→ **EXERCISE MATERIALS**
- Opening Delimiter -

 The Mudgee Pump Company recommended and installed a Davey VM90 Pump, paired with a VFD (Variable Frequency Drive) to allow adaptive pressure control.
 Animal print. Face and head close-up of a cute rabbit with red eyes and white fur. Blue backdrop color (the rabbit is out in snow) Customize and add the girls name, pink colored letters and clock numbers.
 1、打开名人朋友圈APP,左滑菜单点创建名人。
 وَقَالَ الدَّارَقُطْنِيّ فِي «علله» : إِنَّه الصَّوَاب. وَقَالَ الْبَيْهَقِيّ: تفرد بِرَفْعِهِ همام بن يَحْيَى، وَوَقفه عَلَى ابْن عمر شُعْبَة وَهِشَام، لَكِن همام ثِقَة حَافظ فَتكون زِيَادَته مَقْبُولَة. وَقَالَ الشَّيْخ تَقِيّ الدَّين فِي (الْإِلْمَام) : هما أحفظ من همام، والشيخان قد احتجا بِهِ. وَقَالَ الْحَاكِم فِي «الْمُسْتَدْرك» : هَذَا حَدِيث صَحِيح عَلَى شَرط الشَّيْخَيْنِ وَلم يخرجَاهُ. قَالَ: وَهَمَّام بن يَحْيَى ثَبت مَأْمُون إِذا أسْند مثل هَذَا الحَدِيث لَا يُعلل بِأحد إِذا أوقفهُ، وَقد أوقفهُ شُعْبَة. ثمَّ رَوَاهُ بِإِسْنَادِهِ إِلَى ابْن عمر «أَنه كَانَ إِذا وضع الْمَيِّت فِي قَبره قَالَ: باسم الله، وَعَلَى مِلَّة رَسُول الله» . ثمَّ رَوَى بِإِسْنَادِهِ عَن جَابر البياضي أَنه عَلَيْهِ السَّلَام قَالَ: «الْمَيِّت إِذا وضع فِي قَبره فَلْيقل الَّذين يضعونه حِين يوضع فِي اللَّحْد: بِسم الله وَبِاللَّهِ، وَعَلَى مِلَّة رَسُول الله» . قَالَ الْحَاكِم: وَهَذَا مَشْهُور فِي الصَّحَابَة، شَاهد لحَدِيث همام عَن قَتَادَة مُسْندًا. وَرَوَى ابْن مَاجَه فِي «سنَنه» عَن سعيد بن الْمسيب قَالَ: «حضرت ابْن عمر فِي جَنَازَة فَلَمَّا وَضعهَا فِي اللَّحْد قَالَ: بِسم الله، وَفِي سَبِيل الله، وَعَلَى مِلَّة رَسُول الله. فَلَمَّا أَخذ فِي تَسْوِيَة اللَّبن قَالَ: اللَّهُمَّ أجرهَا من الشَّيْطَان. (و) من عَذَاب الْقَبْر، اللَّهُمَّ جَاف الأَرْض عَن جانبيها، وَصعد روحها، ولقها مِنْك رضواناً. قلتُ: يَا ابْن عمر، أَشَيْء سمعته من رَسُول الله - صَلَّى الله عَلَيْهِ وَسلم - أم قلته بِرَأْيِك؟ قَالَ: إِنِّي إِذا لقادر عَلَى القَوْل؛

- Closing Delimiter -
- Opening Delimiter -

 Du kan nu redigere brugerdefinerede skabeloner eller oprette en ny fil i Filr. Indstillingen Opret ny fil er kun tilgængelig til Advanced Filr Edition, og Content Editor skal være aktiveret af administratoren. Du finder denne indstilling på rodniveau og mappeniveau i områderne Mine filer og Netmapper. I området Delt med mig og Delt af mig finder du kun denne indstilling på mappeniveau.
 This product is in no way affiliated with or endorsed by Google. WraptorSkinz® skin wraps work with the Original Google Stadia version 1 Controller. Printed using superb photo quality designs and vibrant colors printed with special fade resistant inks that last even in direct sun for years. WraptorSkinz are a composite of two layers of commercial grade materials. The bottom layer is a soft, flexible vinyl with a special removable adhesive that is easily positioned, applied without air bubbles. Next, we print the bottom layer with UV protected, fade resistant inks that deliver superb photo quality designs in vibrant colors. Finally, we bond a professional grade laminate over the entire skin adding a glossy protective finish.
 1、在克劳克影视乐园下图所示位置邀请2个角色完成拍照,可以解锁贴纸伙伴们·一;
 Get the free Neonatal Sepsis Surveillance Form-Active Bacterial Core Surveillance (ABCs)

- Closing Delimiter -
- Opening Delimiter -

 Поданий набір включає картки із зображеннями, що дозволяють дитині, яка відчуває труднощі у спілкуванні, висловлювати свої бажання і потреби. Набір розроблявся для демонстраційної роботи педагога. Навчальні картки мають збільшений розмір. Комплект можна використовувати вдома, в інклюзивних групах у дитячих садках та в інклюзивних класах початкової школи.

- Closing Delimiter -

→ **EXERCISE**
In the material above, how many lines contain "print"? Reply with only the number.

→ **RESULT BELOW**
2